George reluctantly scribbled the digits on a scrap of paper. Anna called from the landline. It went to voice mail. She phoned again from her cell phone, and Gloria picked up. Anna explained all the things that needed explaining and threw in the hormone excuse, sealing the deal. Gloria would get a pay jump and resume her duties that day. Anna returned to the den, where George was doing her best to make a permanent ass mark in the couch.
“Take a shower,” Anna said.
“I can’t,” George said.
“Why not?”
“Because I don’t want to look at myself naked.”
“Then don’t look. I do that all the time.”
Anna gave Miller a bath in the downstairs bathroom and found a onesie in the nursery. She had done a pediatrics rotation, but caring for babies still put her on edge; she touched them as if dismantling a bomb.
When George resurfaced from the shower, scrubbed raw with a shower brush, as if she could clean away more than dead skin and dirt, Anna put the baby back in her arms.
“Where’s Carter?” Anna asked, remembering that G
eorge had another child.
George stared blankly at Anna.
“Where’s Carter?” Anna said again.
“He’s next door with the neighbor’s kids. I told them I had the flu and didn’t want Carter to get it.”
“It’s time to get him,” Anna said.
“Will you go over there?” George asked.
“And say what? ‘Hey, you got some toddler named Carter over here, I’ll be taking him.’”
“I’ll call them and give them a full description of you.”
“You can walk next door, George.”
While George collected her firstborn at the neighbor’s house, Anna put the baby in the bassinet and snorted a line of cocaine in the bathroom. She then washed the tower of dishes in the kitchen sink. She emptied the swelling trash bin and collected the recycling. She threw a load of baby clothes and rags in the washing machine.

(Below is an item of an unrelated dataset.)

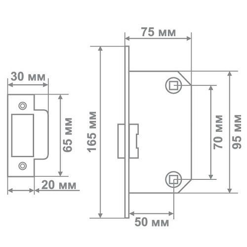 Межкомнатная защелка МЕДИО BAT 7050 square (квадрат) SN никель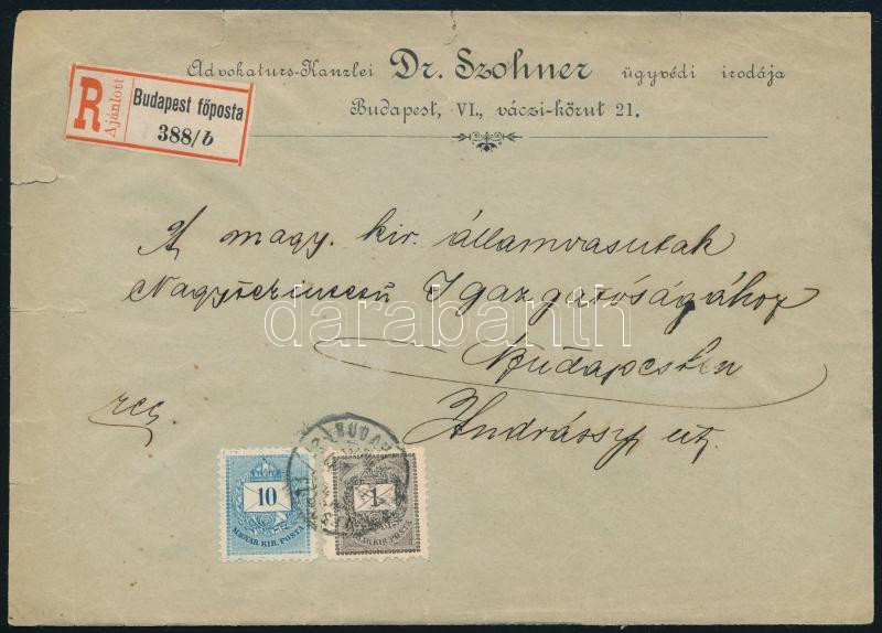 ca. 1891 Budapest helyi ajánlott 2-es súlyfokozatú levél Színesszámú 10kr és Feketeszámú 1kr vegyes bérmentesítéssel, mindkettő 11 1/2 fogazással

“You work fast,” George said when she reentered her home.
Carter was cradling something in his hands. He’d take a peek every few seconds to check on it.
“This is your auntie Anna,” George said.
“Hi, Carter,” Anna said. “You don’t remember me. I haven’t seen you since you were a baby.”
“Anna got you that ant farm for your last birthday. Do you remember?” said George.
Carter smiled and nodded his head.
“What have you got there?” Anna asked, crouching down.
Carter opened his palm and revealed an earthworm he had just captured from the neighbor’s yard.
“Does he have a name?” Anna asked.
Carter shook his head. Anna had heard many stories of Carter eating small creatures, and while Carter’s mother found it amusing, mostly because it tortured Carter’s father, Anna thought it might eventually brand him as a weirdo.
“You should name him,” Anna said. She figured anthropomorphizing the worm would make Carter less inclined to swallow it.
“It took like two weeks to name his goldfish,” George said.
“Are they still of this world?” Anna asked.
“He doesn’t like seafood.”
“I like the name Ralph,” Anna said.
“You don’t like the name Ralph.”
“I like it for a worm, not a person.”